Eric:
Savignon is a name we should all read. I need to read more of her work. In episode 3, BVP cited her famous 1972 study in which the group that had communication for 1 hour per week (in addition to 4 hours of audiolingual method) was way better at communicative tasks and equal on a discrete grammar test. The other group did 5 hours per week of the audiolingual method. I can’t find online access to the original study, but Savignon summed it up here (1991):
“When test results were compared at the end of the 18-week, 5-hour-per-week program, learners who had practiced communication in lieu of laboratory pattern drills for one hour a week performed with no less accuracy on discrete-point tests of structure. On the other hand, their communicative competence as measured in terms of fluency, comprehensibility, effort, and amount of communication in a series of four unrehearsed communicative tasks significantly surpassed that of learners who had had no such practice. Learner reactions to the test formats lent further support to the view that even beginners respond well to activities that let them focus on meaning as opposed to formal features. (A related finding had to do with learner motivation. Motivation to learn French correlated, not with initial attitudes toward French speakers or the French language, but with success in the instructional program.”
She continues:
” . . . the replacement of language laboratory structure drills with meaning-focused self-expression was found to be a more effective way to develop communicative ability with no loss of morphosyntactic accuracy.
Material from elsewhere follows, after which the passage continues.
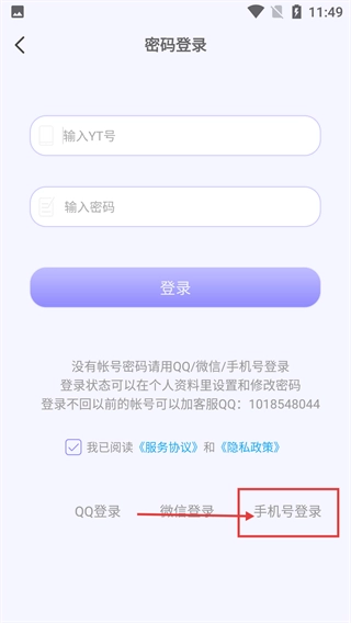 3、在登錄界面,選擇【手機號登錄】方式,進入手機號驗證頁面。

And learner performance on tests of discrete morphosyntactic features was not a good predictor of their performance on a series of integrative communicative tasks. . . However, for the development of communicative ability, research findings overwhelmingly support the integration of form-focused exercises with meaning-focused experience. Grammar is important; and learners seem to focus best on grammar when it relates to their communicative needs and experiences.”